***** EXTRACTED RECORDS

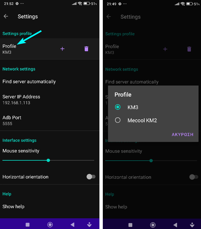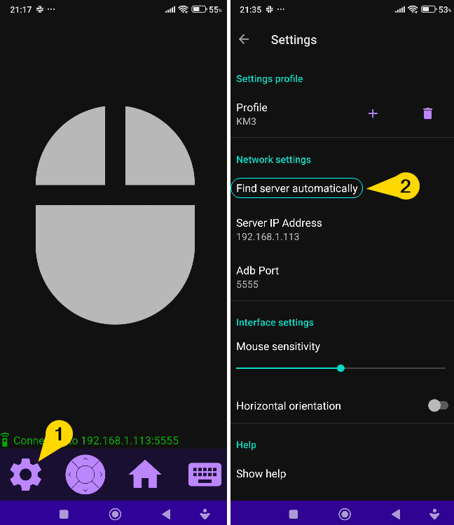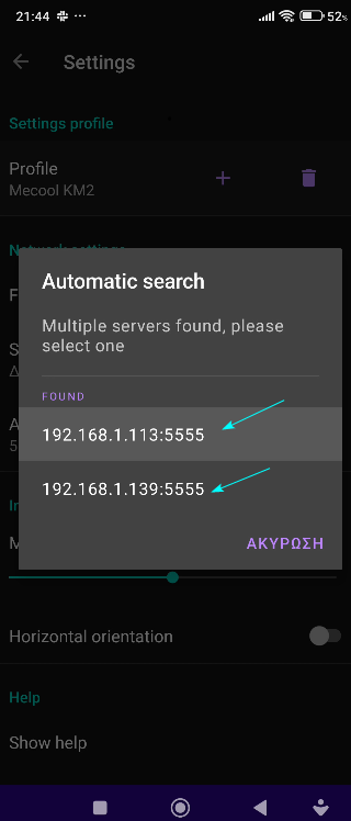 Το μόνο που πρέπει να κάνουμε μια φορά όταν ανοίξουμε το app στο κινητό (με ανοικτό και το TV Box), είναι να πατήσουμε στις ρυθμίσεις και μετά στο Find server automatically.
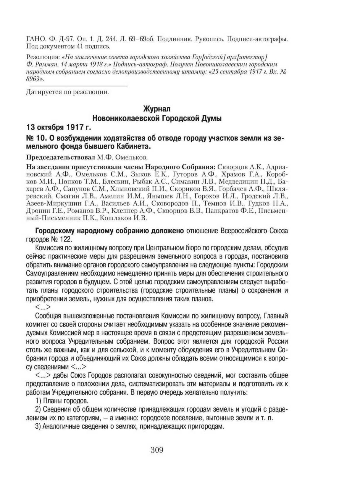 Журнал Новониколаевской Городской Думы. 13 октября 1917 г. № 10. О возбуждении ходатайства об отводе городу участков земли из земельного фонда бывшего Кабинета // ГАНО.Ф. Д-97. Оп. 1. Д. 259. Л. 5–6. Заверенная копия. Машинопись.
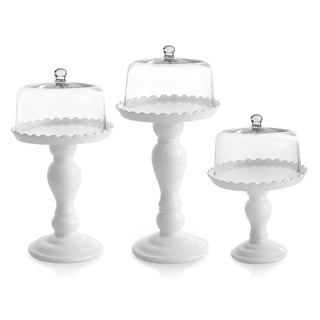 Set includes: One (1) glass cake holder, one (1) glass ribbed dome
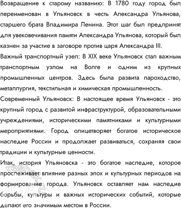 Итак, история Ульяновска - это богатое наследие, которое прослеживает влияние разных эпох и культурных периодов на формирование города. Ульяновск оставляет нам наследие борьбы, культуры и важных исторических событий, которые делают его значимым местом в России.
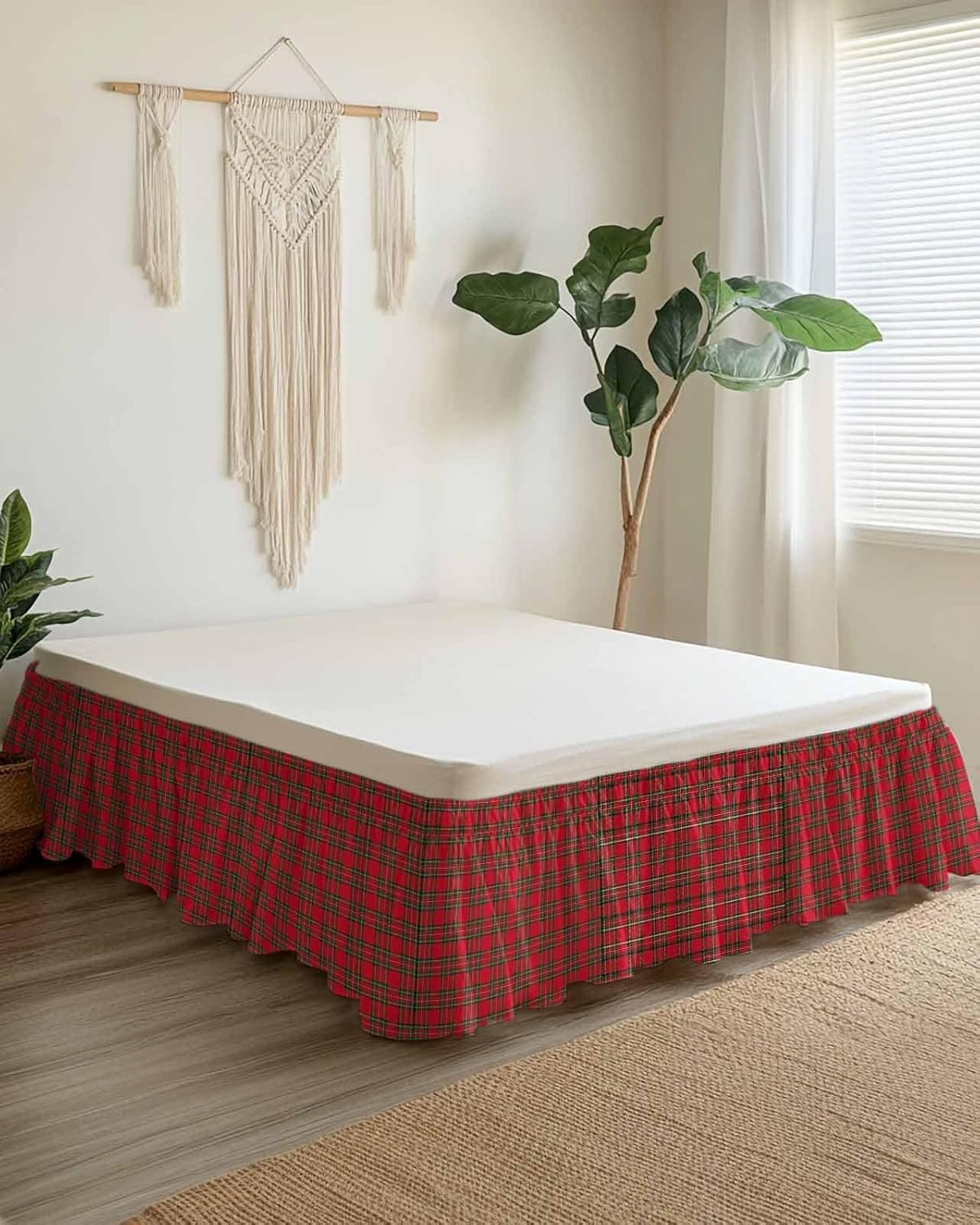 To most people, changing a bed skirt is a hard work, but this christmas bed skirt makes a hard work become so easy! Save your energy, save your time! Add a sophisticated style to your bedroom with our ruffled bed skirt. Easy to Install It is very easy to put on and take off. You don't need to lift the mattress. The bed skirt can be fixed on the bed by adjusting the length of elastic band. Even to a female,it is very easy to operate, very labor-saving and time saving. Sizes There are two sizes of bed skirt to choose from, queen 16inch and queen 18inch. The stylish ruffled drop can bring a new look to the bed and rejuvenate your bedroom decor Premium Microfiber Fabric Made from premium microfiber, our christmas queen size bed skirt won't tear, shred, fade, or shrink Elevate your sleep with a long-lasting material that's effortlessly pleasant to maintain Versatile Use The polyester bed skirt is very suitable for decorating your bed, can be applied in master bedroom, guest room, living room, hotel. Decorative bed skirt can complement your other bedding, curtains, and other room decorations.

**********

- DIRECTIONS:
Pictures aside, repeat exactly every line from the top of the listing above through the line bearing "Итак, история Ульяновска", inclusive.

- OUTPUT OF THE TASK:
 Το μόνο που πρέπει να κάνουμε μια φορά όταν ανοίξουμε το app στο κινητό (με ανοικτό και το TV Box), είναι να πατήσουμε στις ρυθμίσεις και μετά στο Find server automatically.
 Журнал Новониколаевской Городской Думы. 13 октября 1917 г. № 10. О возбуждении ходатайства об отводе городу участков земли из земельного фонда бывшего Кабинета // ГАНО.Ф. Д-97. Оп. 1. Д. 259. Л. 5–6. Заверенная копия. Машинопись.
 Set includes: One (1) glass cake holder, one (1) glass ribbed dome
 Итак, история Ульяновска - это богатое наследие, которое прослеживает влияние разных эпох и культурных периодов на формирование города. Ульяновск оставляет нам наследие борьбы, культуры и важных исторических событий, которые делают его значимым местом в России.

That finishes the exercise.